2) TRADE MEASURES :- The trade measure could be undertaken by country are following –
A) Encouragement to exports.
B) Reduction in export duties.
C) Subsidies to export industries.
D) Reduction in imports.
E) Import quota system
F) The Govt. prohibits altogether the imports of certain goods which are
considered to be non-essential from the national point of view.
3) MONETARY MEASURES : - The following monetary measures taken by the Govt. to deal
with the adverse BOP ---
a) Currency Devaluation :- The Govt. may resort to the devaluation of its currency to eliminate or
to reduce the deficit in the BOP. Devaluation always encourages exports by cheapening them in
foreign countries. On the country , it has the effect of discouraging imports by making them more
expensive within the country .
b) Money Contraction :- The govt. may resort to currency contraction to remove the
disequilibrium in the balance of payments .The prices of goods and services automatically go down.
But imports are discouraged as the fall of the internal price-level.
c) Exchange Control :- The Govt. utilizes the exchange control system to effect a cut in the
volume of imports. Under this system, the exporters have to surrender their earnings of foreign
exchange to the Govt. in exchange for domestic currency.

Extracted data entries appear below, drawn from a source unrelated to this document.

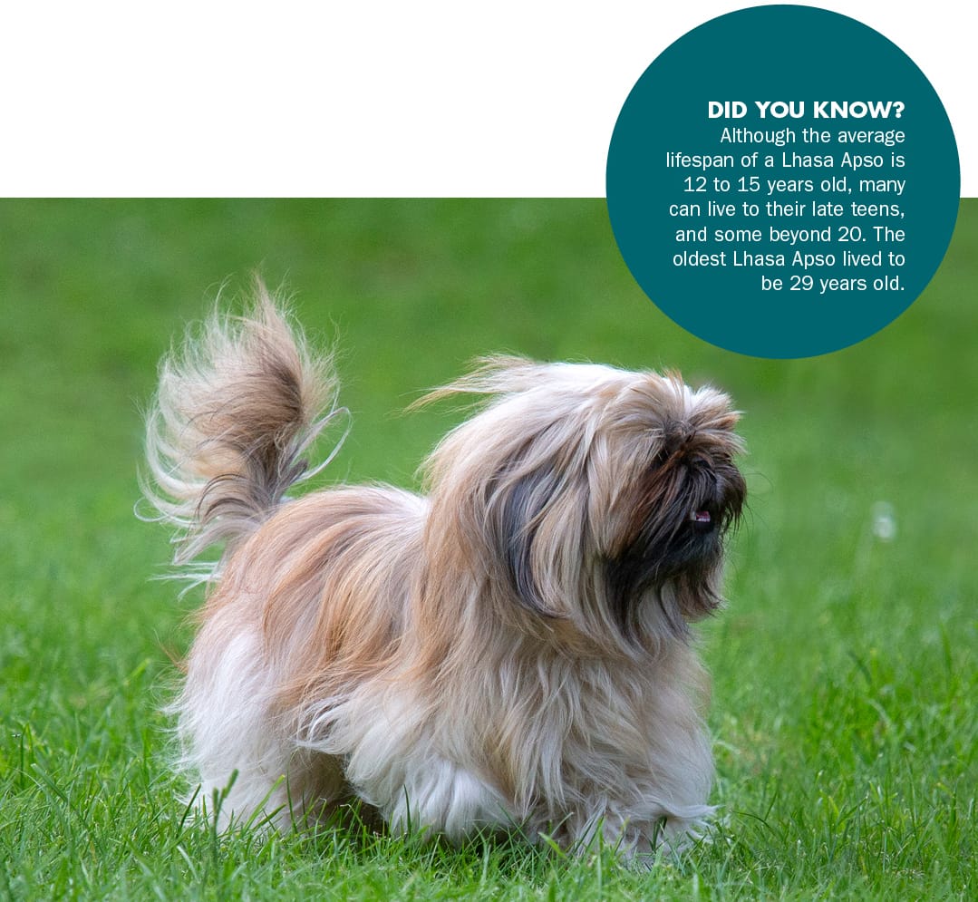 Lhasa Apsos are generally a hardy breed with a lifespan of 12 to 15 years, though many live even longer with proper care. Some common health concerns include hip dysplasia, progressive retinal atrophy (PRA), atopic dermatitis, and kidney issues. Regular veterinary check-ups and a balanced diet contribute to long, healthy lives.
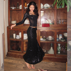 气质流行波点半身裙女2025秋冬新款松紧弹力高腰金丝绒包臀鱼尾裙
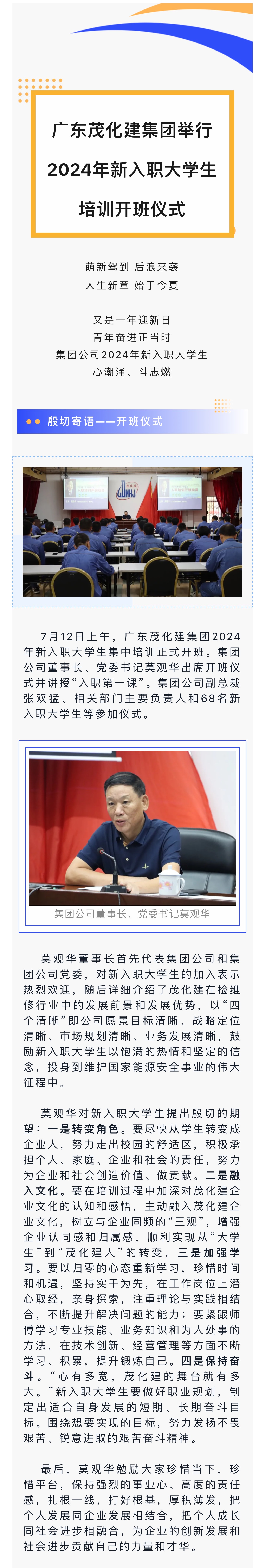 廣東茂化建集團(tuán)舉行2024年新入職大學(xué)生培訓(xùn)開班儀式
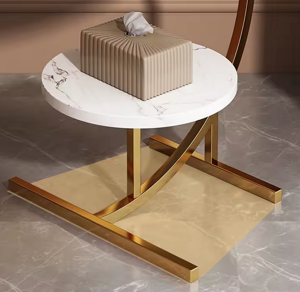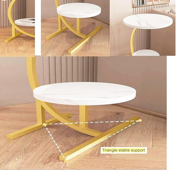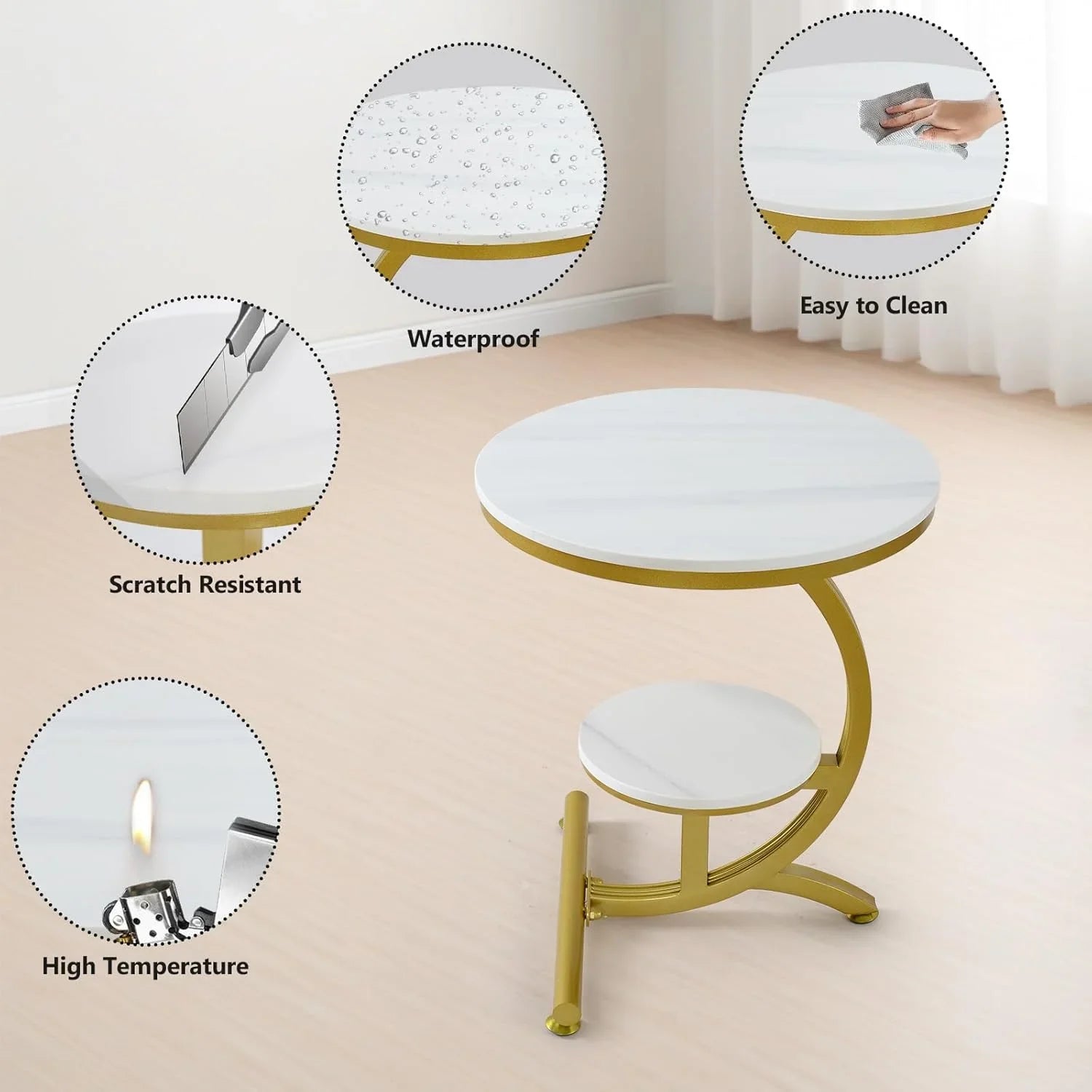 Okrugli stolić s dvostrukom površinom – mramor & zlato

d) Foreign Loans :- The Govt. can secure loans from foreign banks or foreign Governments. Since
the repayment of these loans is spread over a long period, this helps the Govt. to remove deficit in
the BOP.
e) Foreign Investment :- The Govt. induces the foreigners to make investment in the country by
offering them all sorts of incentives and concessions.
f) Incentives to Foreign Tourists :-This increases the foreign exchange earnings of the country
with the help of which deficit in the BOP can be reduces.